Let’s start with a simple example. Suppose you have this module:
>>> class Employee:
... pass
...
>>> class Factory:
... pass
...
>>> def create_factory():
... factory = Factory()
... factory.name = "Assembly Line Unlimited"
... factory.employees = []
... return factory
...
>>> def populate_factory(factory):
... for x in xrange(1000):
... worker = Employee()
... worker.assigned = factory.name
... factory.employees.append(worker)
...
>>> factory = create_factory()
>>> populate_factory(factory)
The basic tools of the Heapmonitor are tracking objects or classes, taking snapshots, and printing or dumping statistics. The first step is to decide what to track. Then spots of interest for snapshot creation have to be identified. Finally, the gathered data can be printed or saved:
>>> factory = create_factory()
>>> from pympler import heapmonitor
>>> heapmonitor.track_object(factory)
>>> heapmonitor.track_class(Employee)
>>> heapmonitor.create_snapshot()
>>> populate_factory(factory)
>>> heapmonitor.create_snapshot()
>>> heapmonitor.print_stats(detailed=0)
---- SUMMARY ------------------------------------------------------------------
active 1.22 MB average pct
Factory 1 344 B 344 B 0%
__main__.Employee 0 0 B 0 B 0%
active 1.42 MB average pct
Factory 1 4.75 KB 4.75 KB 0%
__main__.Employee 1000 195.38 KB 200 B 13%
-------------------------------------------------------------------------------
The purpose of instance tracking is to observe the size and lifetime of an object of interest. Creation and destruction timestamps are recorded and the size of the object is sampled when taking a snapshot.

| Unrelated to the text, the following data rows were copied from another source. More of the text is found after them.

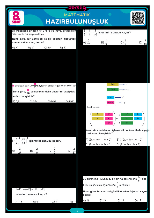 8. Sınıf Matematik Hazırbulunuşluk Sınavı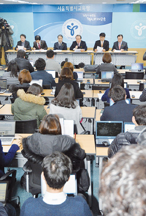 6일 오후 서울시교육청 브리핑실에서 열린 전국 시도교육감협의회 누리과정 예산 입장 발표 기자회견에서 장휘국 광주시교육감이 모두발언을 하고 있다. 왼쪽부터 조희연 서울시교육감, 김승환 전라북도교육감, 이재정 경기도교육감, 장휘국 광주시교육감, 이청연 인천시교육감, 민병희 강원도교육감.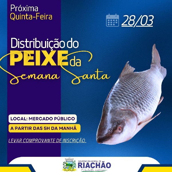 A prefeitura municipal de Riachão/PB, através da Secretaria de Assistência Social, dará início ao cadastramento para a tradicional entrega do peixe na semana santa, a partir do dia 11/03 ao dia 14/03, de segunda a

To track the size of an individual object:
from pympler import heapmonitor
obj = MyObject()
heapmonitor.track_object(obj)
Most of the time, it’s cumbersome to manually track individual instances. All instances of a class can automatically be tracked with track_class:
heapmonitor.track_class(MyClass)
All instances of MyClass (or a class that inherits from MyClass) created hereafter are tracked.
Tracking alone will not reveal the size of an object. The idea of the Heapmonitor is to sample the sizes of all tracked objects at configurable instants in time. The create_snapshot function computes the size of all tracked objects:
heapmonitor.create_snapshot('Before juggling with tracked objects')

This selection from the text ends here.